_Work to be completed:_ Leave out the pictures and retype exactly the lines from the one with "Двухместный салон с" through the end of the records.
*** Provided material Section Begins ***
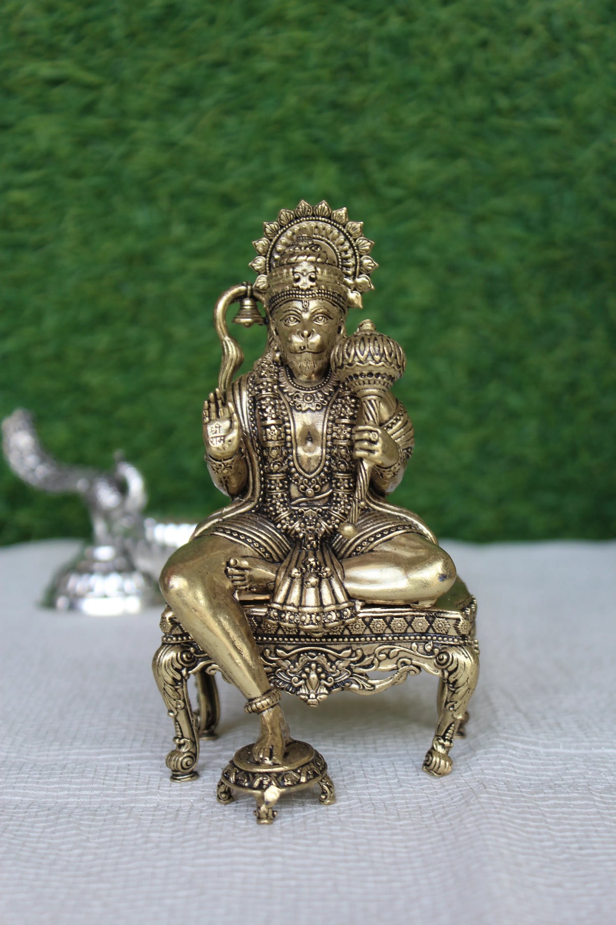 Brass Hanuman Ji Sitting On Throne | Majestic Idol Of Lord Hanuman For Home Temple & Gifting (5.25 inch)
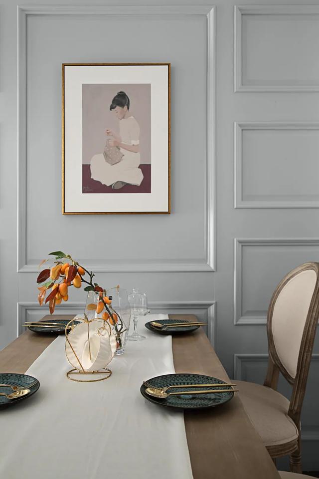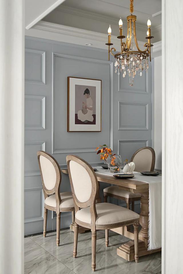 餐厅用了整面的护墙板,刷成了屋主最爱的灰蓝色。
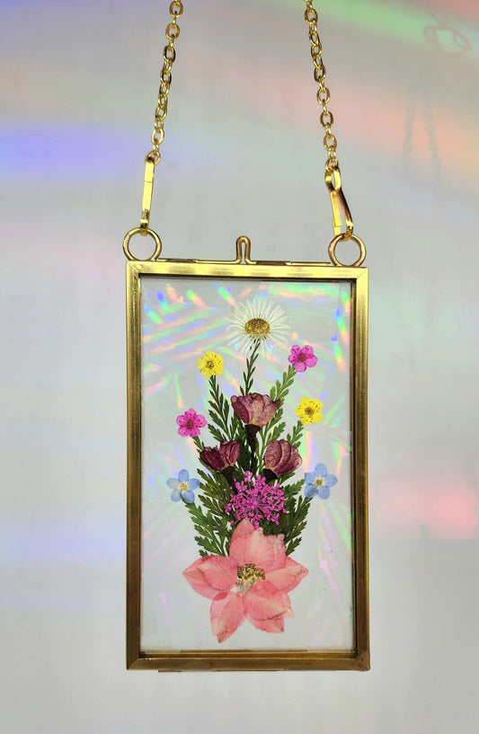 Add beauty to any space with this one of a kind pressed flower arrangement. These wild flowers have an extra unique & bright touch with light diffraction glass to cast splashing rainbows into your home! These frames are completely covered with prisms for maximum rainbow effects.
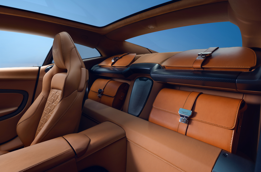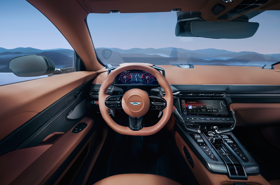 Двухместный салон с обивкой из алькантары и полуанилиновой кожи на выбор напоминает оный у Vantage и DB12. В оснащении — 10,25-дюймовая цифровая «приборка» и экран мультимедийной системы такого же размера. Акцент сделан на водительском месте, где можно установить сиденье Performance из углеродного волокна с низкой посадкой. За звук отвечает система Bowers & Wilkins с 15 динамиками. За доплату салон украсят деревянными вставками.
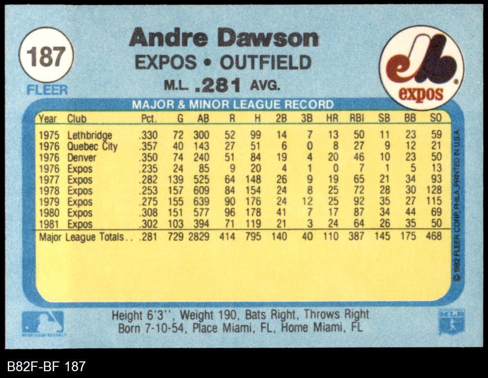 1982 Fleer #187 Andre Dawson 8 - NM/MT
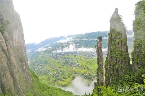 雨中登恩施大峡谷,其云海相比黄山云海,少了层叠的山峰,却多了惟妙惟肖的石柱;相比泰山云海,少了帝王的贵气,却多了土家族的风情。“山重水复疑无路,柳暗花明又一村。”原来不仅是地理的,更是心理的;不仅是视线的,更是视野的。
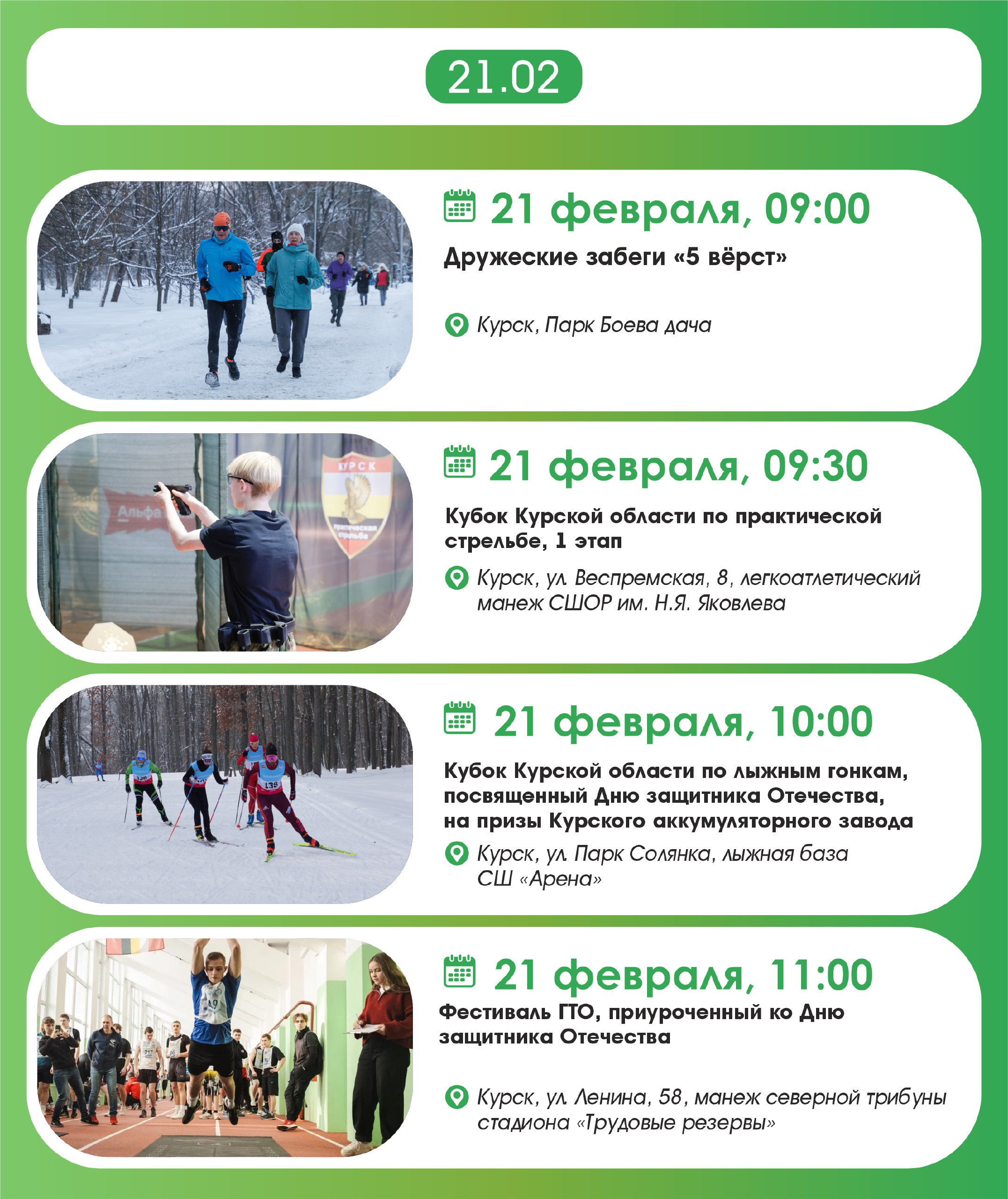 Нас ждут три дня активного отдыха, море мероприятий и яркие впечатления. Начнем с субботней пробежки, а завершим баскетбольным матчем женской Премьер-лиги - встречаются команды из топ-3.
*** Provided material Section Ends ***
_Written solution:_
 Двухместный салон с обивкой из алькантары и полуанилиновой кожи на выбор напоминает оный у Vantage и DB12. В оснащении — 10,25-дюймовая цифровая «приборка» и экран мультимедийной системы такого же размера. Акцент сделан на водительском месте, где можно установить сиденье Performance из углеродного волокна с низкой посадкой. За звук отвечает система Bowers & Wilkins с 15 динамиками. За доплату салон украсят деревянными вставками.
 1982 Fleer #187 Andre Dawson 8 - NM/MT
 雨中登恩施大峡谷,其云海相比黄山云海,少了层叠的山峰,却多了惟妙惟肖的石柱;相比泰山云海,少了帝王的贵气,却多了土家族的风情。“山重水复疑无路,柳暗花明又一村。”原来不仅是地理的,更是心理的;不仅是视线的,更是视野的。
 Нас ждут три дня активного отдыха, море мероприятий и яркие впечатления. Начнем с субботней пробежки, а завершим баскетбольным матчем женской Премьер-лиги - встречаются команды из топ-3.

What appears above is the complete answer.